During the final week of 2015 the entire ROBLOX staff participates in an event of innovation and creativity called Hack Week.  Amid the engineering creations and experiments some of the coolest visionary ideas of 2015 are presented to the entire company on the final day.  As is tradition we have selected a few of these incredible projects to share with you.  Over the next few weeks the ROBLOX blog will be taking you on a tour of Hack Week by featuring a new project each week.

Remember: there is no guarantee that any of these projects will be transformed into official ROBLOX features, but we’re saying there’s a chance! 
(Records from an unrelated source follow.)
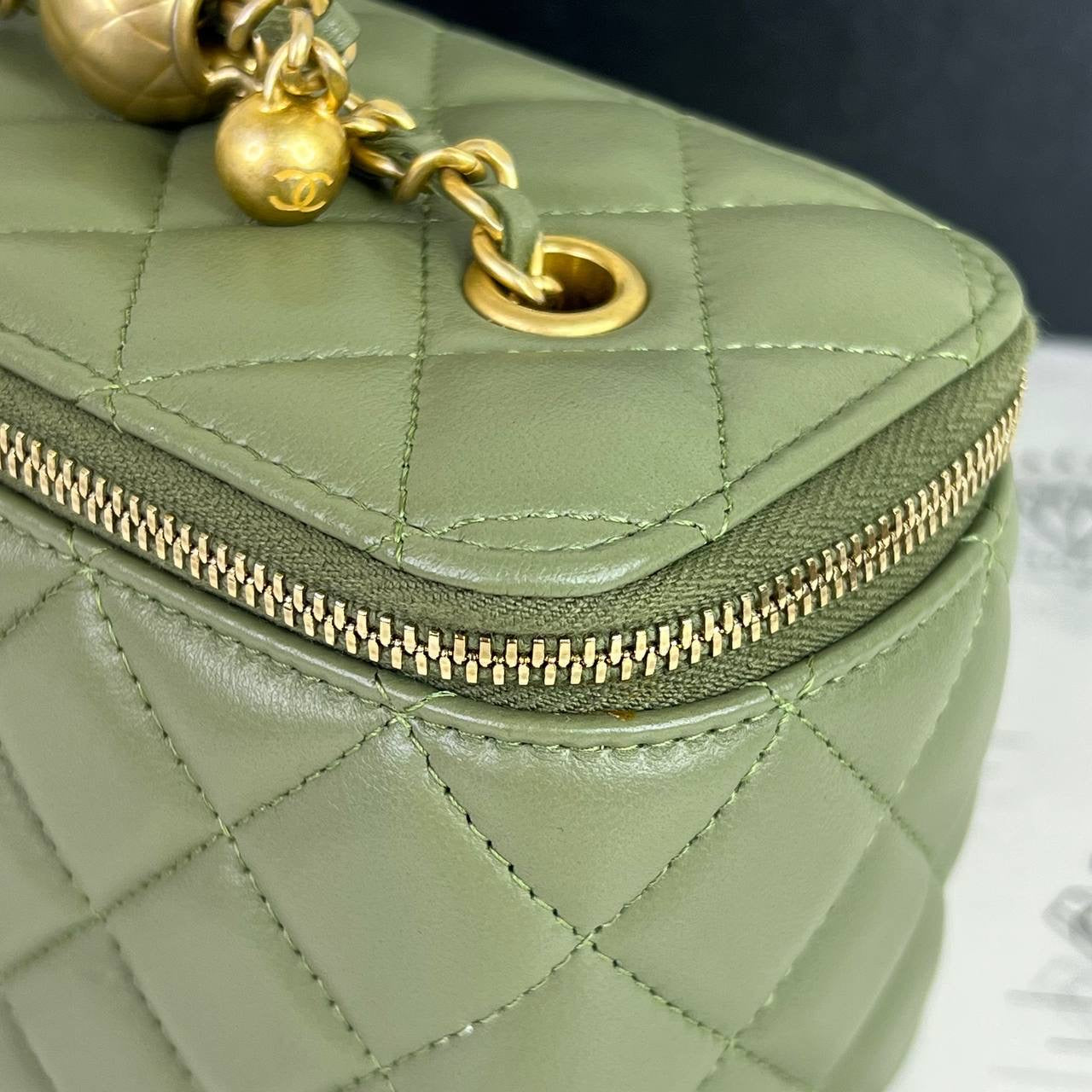 [PRE LOVED] Chanel Vanity Pearl Crush in Green Lambskin Leather GHW (Series 31)
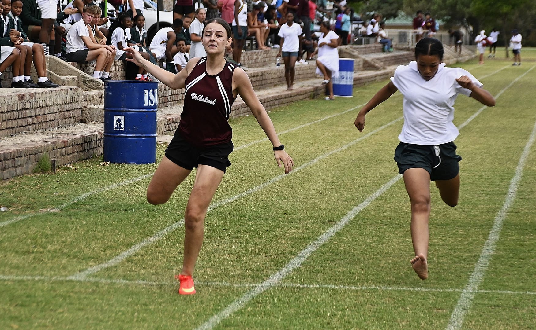 Verlede week het Hoër Volkskool teen Union High School op die atletiekbaan kragte gemeet. Dit was ‘n aangename dag met goeie sportmansgees wat tussen die atlete geheers het. Die kompetisie tussen die twee skole was baie sterk en die wen kon na enige skool gegaan het. Volkskool het 860 punte bymekaar gemaak, terwyl Union slegs 757 punte bymekaar gemaak het. Die Victor Ludorum is X. Barlow van Union High School, terwyl Mienke Janse van Rensburg van Hoër Volkskool as die Victrix Ludorum aangewys is.
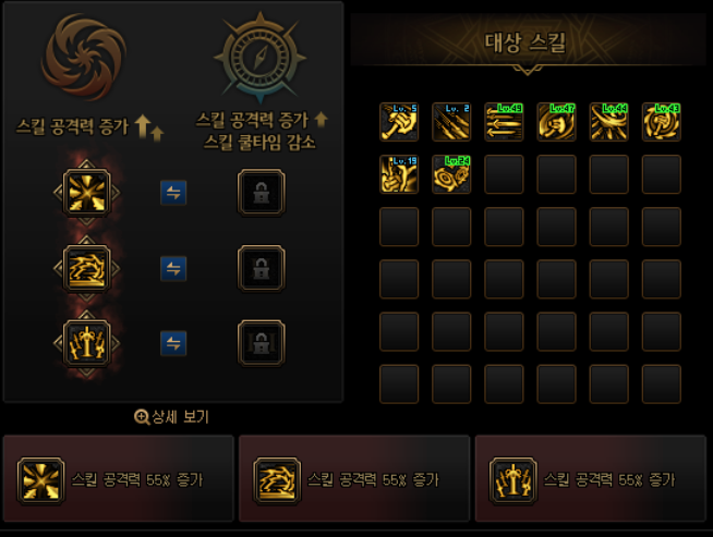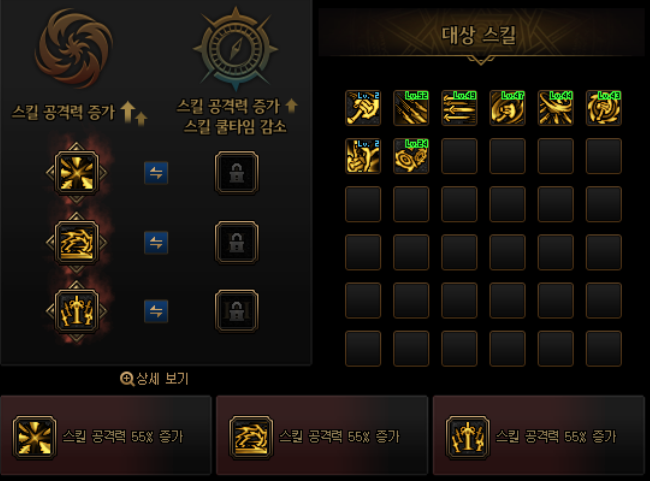 무기가 레거시 = 55% 강화 상급기 3개 + 스킬 공격력 증가 옵션 12.6% (창조반+황금향은 횟수땜에 쿨감20퍼)
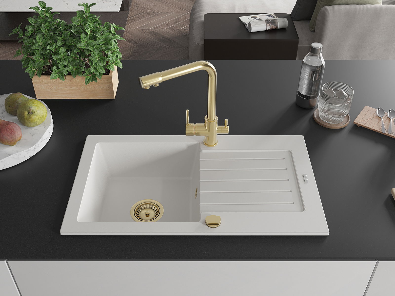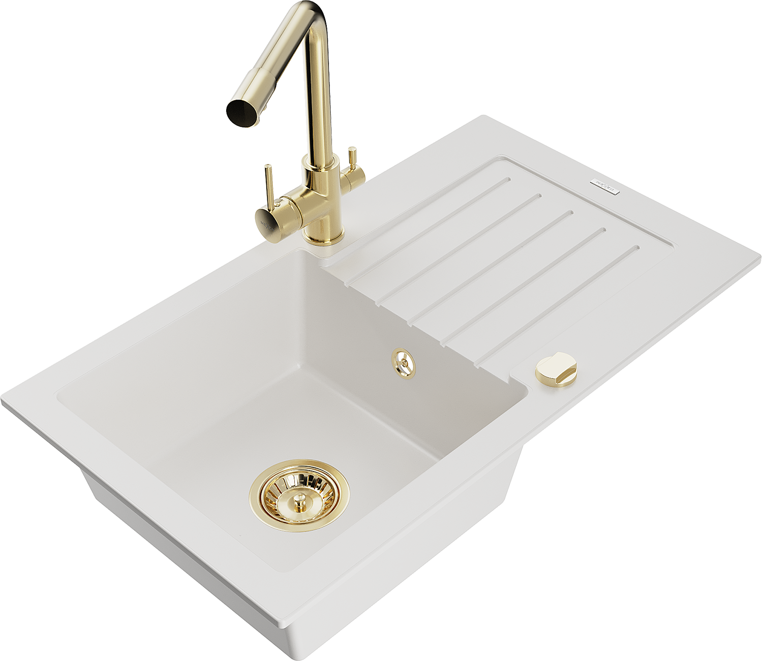 Mexen Pablo granito plautuvė 1 skyrios su nutekėjimo lėkšte ir virtuvės čiaupu Duero, baltas - 6510-20-671600-50

Artificial Intelligence in ROBLOX

Laker “UristMcSparks” Sparks

This hack week I decided to explore implementing an Artificial Intelligence framework in ROBLOX. Creating clever NPCs that interact with the world is a great way to make a game come alive and feel immersive. My goal was to create an easily extensible framework that could work for all kinds of autonomous decisions and be utilized in a variety of games. Joining forces with Chris “Silent137” Rider, I set out to see if this was possible in the 5 days of Hack Week.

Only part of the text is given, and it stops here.